Woman Born with Half a Heart Defies All Odds and Gives Birth to Healthy Babies
The heart occupies an important part in our lives, and I’m not just talking medically, either. We may not always do the right things, but our hearts are in the right place.
When we make a promise, we cross our hearts and hope to die. Our hearts go out to someone who has suffered a tremendous loss.
We all know that a faint heart never won a fair lady. And when your actual physical heart has something wrong with it, as one California woman’s did, we understand why people speak of a broken heart.
According to KCRA, Chelsea Byrnes suffered from a health problem that few of us can fathom. From the moment of her birth, she only possessed half of a functioning heart.
“I couldn’t do PE as a kid,” she explained. “I just always had to take a back seat.”
Her physical limitation led to more than one dire prognosis. In fact, multiple doctors insisted that Byrnes wouldn’t make it out of the single digits.
Erin Arena, her mother, recalled, “I had doctors’ appointments when she was young where they told me she would live to be five. They were wrong.”

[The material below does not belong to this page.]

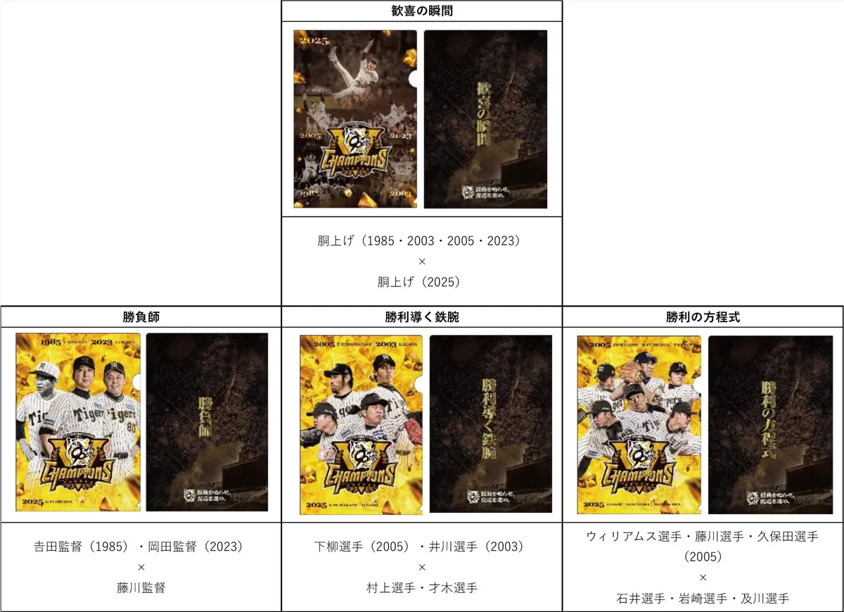 リーグ優勝の原動力となった監督・選手と歴代V戦士の勇姿が刻まれた、限定クリアファイルを手に入れて、日本一へと突き進む阪神タイガースを応援しましょう!

Part of Byrnes’ survival owed to her own grit and determination. “I always knew it was scary,” she said.
“I always knew I had to make good decisions in life. I always knew health was a priority.”
Byrnes’ condition isn’t as rare as you might think. The Cleveland Clinic reported that some 800,000 adults in the United States have congenital heart disease.
What’s more, that number keeps growing by roughly 20,000 every year. Why? Medical interventions continue save infants born with problems like the one Byrnes faces.
One issue that the 30-year-old Byrnes never thought she could solve was that of becoming a mother. She stated, “Honestly, a lot of [doctors] said, ‘Absolutely not.’
“A lot of them said, ‘Well, you’re never going to have kids. It was heartbreaking, honestly, because I knew in my heart I could do it.
“I knew I could be a mom. I just needed someone to believe in me.”
Dr. Pei-Hsiu Huang, Director of Adult Congenital Heart Disease at Sutter Medical Center, felt differently. Under his care and close monitoring, Byrnes and her husband were able to welcome two little lives into the world.
“There are still absolutely a lot of unknowns about it,” Huang said. “We have yet to see patients through the rest of their life who were born with these conditions are now finally surviving.”
“It is possible for her — in particular — to have children because she is so fit, and her cardiovascular disease had been so well taken care of,” Huang added.
“Without Dr. Huang I can’t say that having children would have been possible,” Byrnes said. “Just the relief I felt, my husband felt, my mother felt was everything we dreamed of.”